Korona zamanlarının biyolojisi...

Yeni slogan “hayat eve sığar”.

Şu mini minnacık varlık, hayatı eve de sığdırdı. Hayatın içinde bizleri de nerelere sığdırmaya da devam ediyor.

Herkes gibi eve sığmanın bu zorunlu biçimini ben de yaşıyorum.

***

Korona zamanlarına peşrev:

Dünya Sağlık Örgütü, daha düne kadar, içinde bulunduğum yaş grubunu (60-70); orta yaş sayarken, şimdi bu virüs salgını, biz yaştakileri sokağa çıkması yasaklananların arasına koyuverdi. Böylece, bu yaşımda bir de “yaş ayırımcılığı”nın ne olduğunu öğrenmiş oldum. Yoksa düne kadar, yaşamda böyle bir sorunumuz olabileceği, aklımın ucuna dahi gelmemişti. Üzüldüm mü? Kesinlikle hayır ve sonuçta bu biyolojik süreci hayat bize öğreterek yaşatıyor.

Şimdinin gençlerine sorsanız, 68-78 kuşağı gençlik dönemlerini nasıl tanırsınız diye? Yanıt ihtimaldir ki bizim kuşakları “adanmışlığa adanmış” efsane kuşaklar diye yanıt gelecektir. 

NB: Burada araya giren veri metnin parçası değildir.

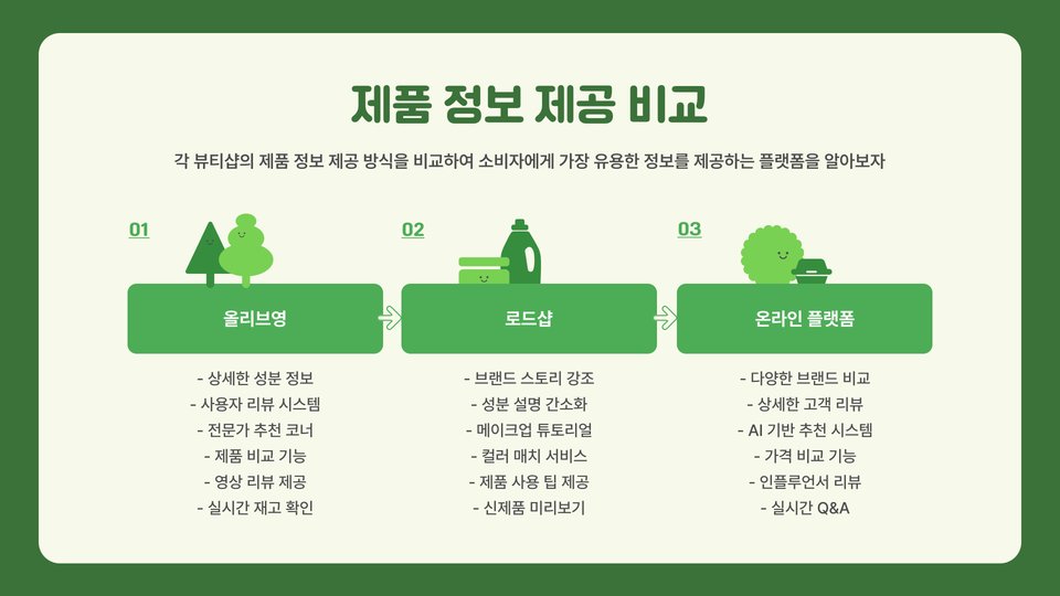 올리브영은 친절한 직원 서비스와 쾌적한 쇼핑 환경을 자랑합니다. 반면 다른 뷰티샵은 온라인 쇼핑에 강점을 가지면서도 고객 서비스에서 차별점을 두고 있습니다. 예를 들어, 뷰티쁠은 상시 1:1 상담 서비스를 제공하여 소비자들이 원하는 제품을 쉽게 찾을 수 있도록 돕습니다.

Eskiye rağbet olsa, bitpazarına nur yağardı. Ama bizim kuşaklara ilişkin görüp geçirdiklerimiz ve çektiğimiz çileler hakkında, şimdiye değin, neler de neler yazıldı. Yazılanlara bakılırsa görmediğimiz kalmamıştı. Doğrusu, bu yaş gruplarındakiler olarak, bizler de buna inanır vaziyetteydik. Ne ki, şimdi yaşlı diye evinde oturtulan 68’liler, hayatlarında ilk defa yeni bir şeyle karşılaştılar ve bugünün gençleriyle beraber, böyle bir dünyada, mini minnacık bir virüsün neden olduğu hastalık salgınını evlerinde oturtularak yaşıyorlar.

Dünyada “ne olup bitiyor”u takip etmek, benim gençliğimde hayli maharet isterdi. Telefon, televizyon, bilgisayar, ya neredeyse ulaşılmazdı ya da yoktu.

Şimdi öyle mi ya!

Haberin günlüğü bile bayat; anlık mesajları cebinde duymak ise sadece alışıldık bir “vııp vııp” sesi. 

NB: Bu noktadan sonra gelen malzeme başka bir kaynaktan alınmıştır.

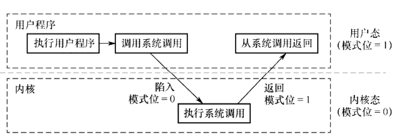 - CPU执行陷入(trap)指令,状态从用户态切换到内核态。

Farklı bir “zamanın coğrafyası”nı yaşıyoruz.

Zamanlardan “korona” zamanındayız.

Coğrafya ise bütün dünya…

Koronanın neden olduğu pandemi dünyayı yakıyor. Ölüp giden insanlar için artlarından yakılan ağıt ise “ah hastalığa yakalandı, yakalanmasaydı…” feryadını içeriyor.

Hem korku var; hem de akıllara sığmayan bir hayret.

Mesela, İngiltere veliahtı Prens Charles’a ilişkin haber ilginç. Bu yazının yazıldığı sıralarda muhteremin “Korona +” pozitif olduğu dünyaya duyuruldu.

Habere bakılırsa, on beş gün önce Monako Prensi ile resmi görüşmesinden sonra, önce Monakolu şimdi de kendisi olmak üzere, her iki prens efendi, “Kovid-19” tarafından tuş edilmiş durumdalar.

Yani virüsümüz prens, mirens takmıyor.

Ben korumalarını merak ediyorum. Bakalım, medeni batı, onlara nasıl bir fatura çıkaracak.

***

Tempo: Hayatın hızı

Giderek rutinleşen ve hızlanarak gelişen bir ev hayatının içinde yuvarlanırken, sokakta zorunlu görevlerle boğuşan insanlar daha sakin bir koşuşturmanın içinde sürükleniyorlar. 

Sağlık ekibinin iki asal elemanı hekimler ve eczacılar, kendi kurumları içinde yardımcılarıyla ve sağlık ekibi bütünlüğü içinde çalışıyorlar.

Sağlık ekibi, bulaşıcı riski altında ve fakat yeterli, yetersiz her tür önlemle kendi görevlerini fedakârca yerine getirmeye çalışıyorlar.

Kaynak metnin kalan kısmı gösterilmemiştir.